3.5: Nonlinear Pendulum

3.5.1 In Search of Solutions

Before returning to studying the equilibrium solutions of the nonlinear pendulum, we will look at how far we can get at obtaining analytical solutions. First, we investigate the simple linear pendulum.

The linear pendulum equation (3.9) is a constant coefficient second order linear differential equation. The roots of the characteristic equations are \(r= \pm \sqrt{\dfrac{g}{L}} i\). Thus, the general solution takes the form

\[\theta(t)=c_{1} \cos \left(\sqrt{\dfrac{g}{L}} t\right)+c_{2} \sin \left(\sqrt{\dfrac{g}{L}} t\right) \label{3.13} \]

We note that this is usually simplified by introducing the angular frequency

\[\omega \equiv \sqrt{\dfrac{g}{L}} \label{3.14} \]

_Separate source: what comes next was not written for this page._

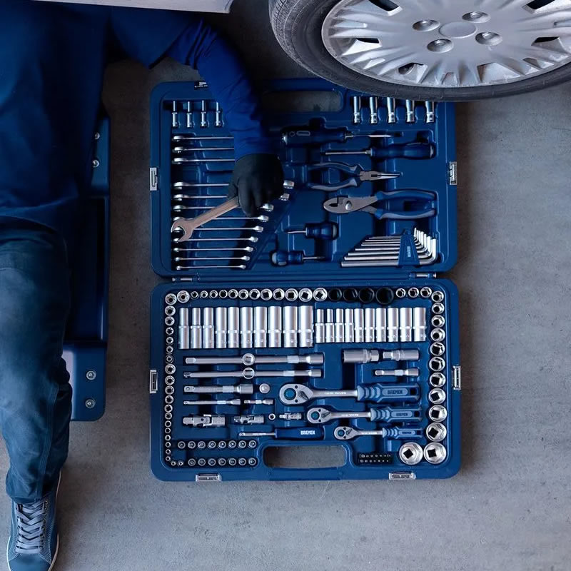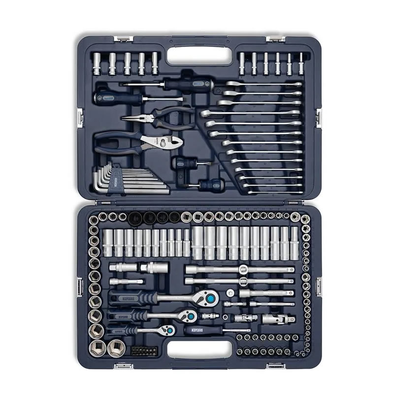 El Juego Mechaniker BREMEN es un kit completo y versátil capaz de agilizar cualquier trabajo de mecánica, permitiendo realizar diversas combinaciones y proporcionando la solución ideal para cada desafío. Este juego contiene un total de 160 piezas con encastres de 1/4", 3/8" y 1/2", además incluye llaves, pinzas y destornilladores, siendo uno de los más completos del mercado.

One consequence of this solution, which is used often in introductory physics, is an expression for the period of oscillation of a simple pendulum. REcall that the period is the time it takes to complete one cycle of the oscillation. The period is found to be

\[T=\dfrac{2 \pi}{\omega}=2 \pi \sqrt{\dfrac{L}{g}} \label{3.15} \]

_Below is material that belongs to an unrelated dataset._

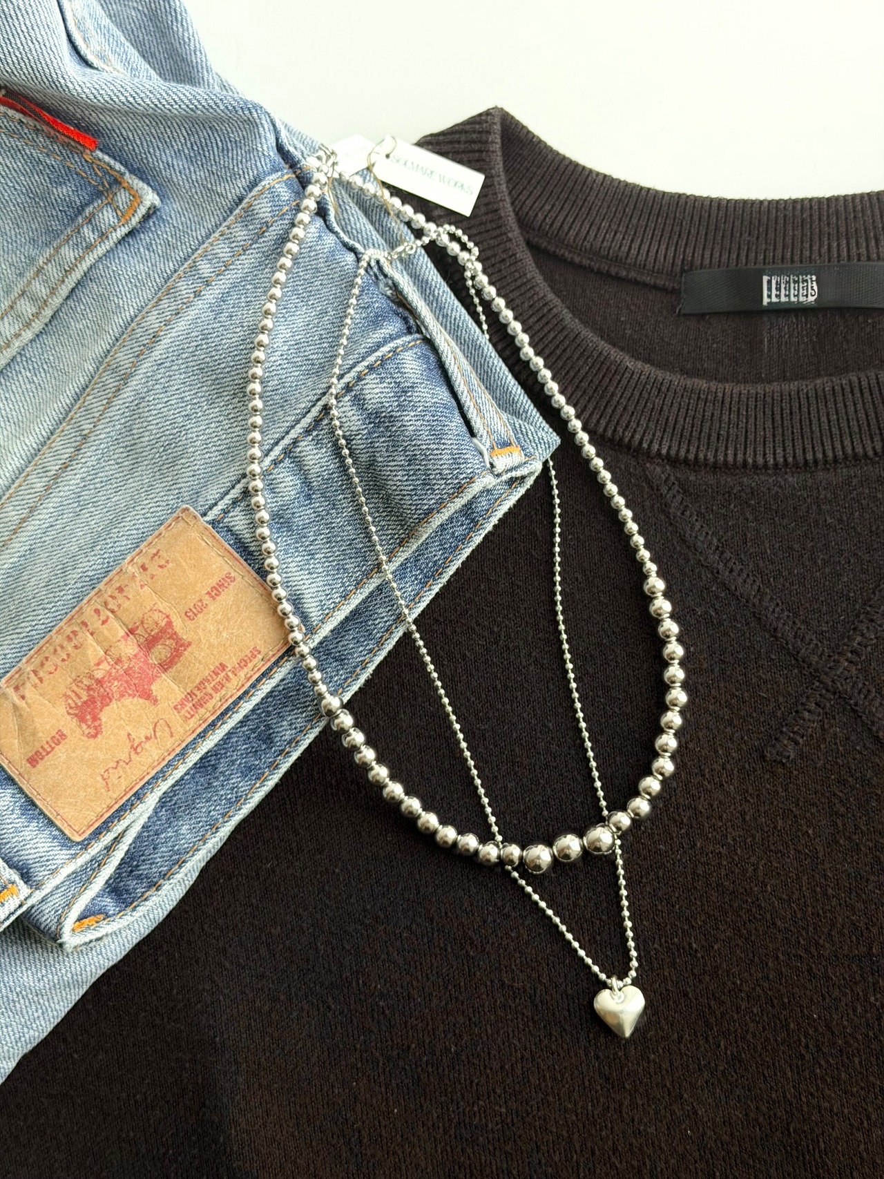 Silver925の上品なカットチェーンに、カレンシルバーのハートを添えたシンプルなネックレス。

This value for the period of a simple pendulum is based on the linear pendulum equation, which was derived assuming a small angle approximation. How good is this approximation? What is meant by a small angle? We recall the Taylor series approximation of \(\sin \theta\) about \(\theta=0\):

\[\sin \theta=\theta-\dfrac{\theta^{3}}{3 !}+\dfrac{\theta^{5}}{5 !}+\ldots \label{3.16} \]

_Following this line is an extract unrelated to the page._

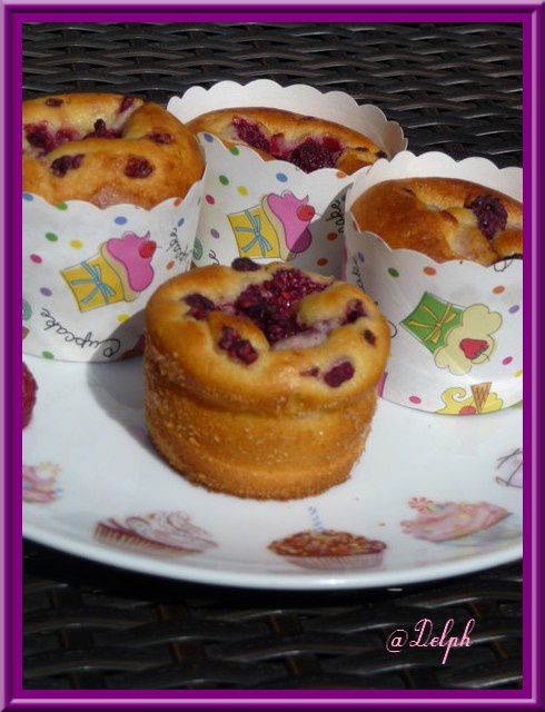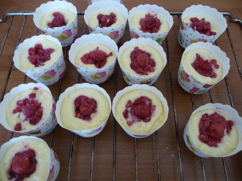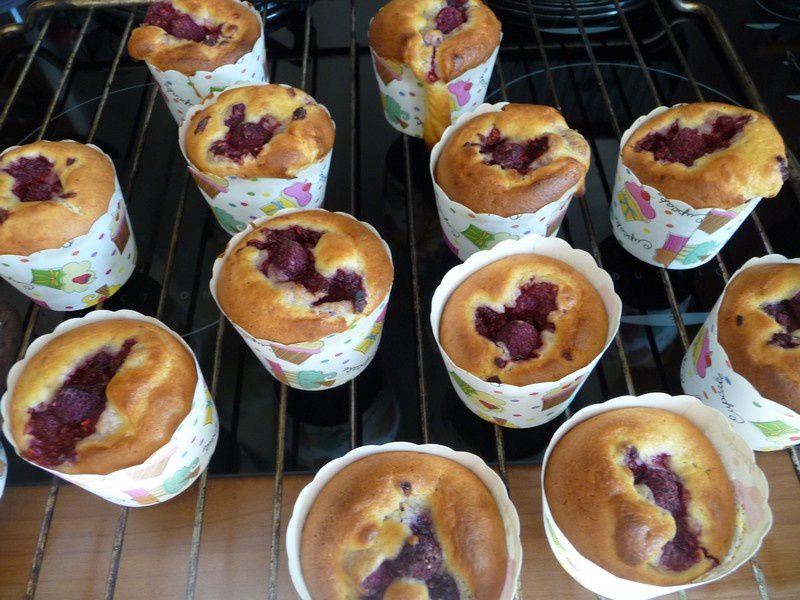 - Verser la pâte dans les moules jusqu’aux 3/4, enfoncer quelques framboises et enfourner pour 20-25 minutes environ.

One can obtain a bound on the error when truncating this series to one term after taking a numerical analysis course. But we can just simply plot the relative error, which is defined as

Relative Error \(=\left|\dfrac{\sin \theta-\theta}{\sin \theta}\right| \times 100 \%\).

A plot of the relative error is given in Figure 3.13. We note that a one percent relative error corresponds to about 0.24 radians, which is less that fourteen degrees. Further discussion on this is provided at the end of this section.

We now turn to the nonlinear pendulum. We first rewrite Equation (3.8) in the simpler form

\[\ddot{\theta}+\omega^{2} \sin \theta=0 \label{3.17} \]

We next employ a technique that is useful for equations of the form

\[\ddot{\theta}+F(\theta)=0 \nonumber \]

when it is easy to integrate the function \(F(\theta)\). Namely, we note that

\[\dfrac{d}{d t}\left[\dfrac{1}{2} \dot{\theta}^{2}+\int^{\theta(t)} F(\phi) d \phi\right]=[\ddot{\theta}+F(\theta)] \dot{\theta} \nonumber \]

For our problem, we multiply Equation (3.17) by \(\dot{\theta}\),

\[\ddot{\theta} \dot{\theta} + w^2 \sin \theta \dot{\theta} = 0 \nonumber \]

and note that the left side of this equation is a perfect derivative. Thus,

\[\dfrac{d}{d t}\left[\dfrac{1}{2} \dot{\theta}^{2}-\omega^{2} \cos \theta\right]=0. \nonumber \]

Therefore, the quantity in the brackets is a constant. So, we can write

\[\dfrac{1}{2} \dot{\theta}^{2}-\omega^{2} \cos \theta=c \label{3.18} \]

Solving for \(\dot{\theta}\), we obtain

\[\dfrac{d \theta}{d t}=\sqrt{2\left(c+\omega^{2} \cos \theta\right)} \nonumber \]

This equation is a separable first order equation and we can rearrange and integrate the terms to find that

\[t=\int d t=\int \dfrac{d \theta}{\sqrt{2\left(c+\omega^{2} \cos \theta\right)}} \label{3.19} \]

Of course, one needs to be able to do the integral. When one gets a solution in this implicit form, one says that the problem has been solved by quadratures. Namely, the solution is given in terms of some integral. In the appendix to this chapter we show that this solution can be written in terms of elliptic integrals and derive corrections to formula for the period of a pendulum.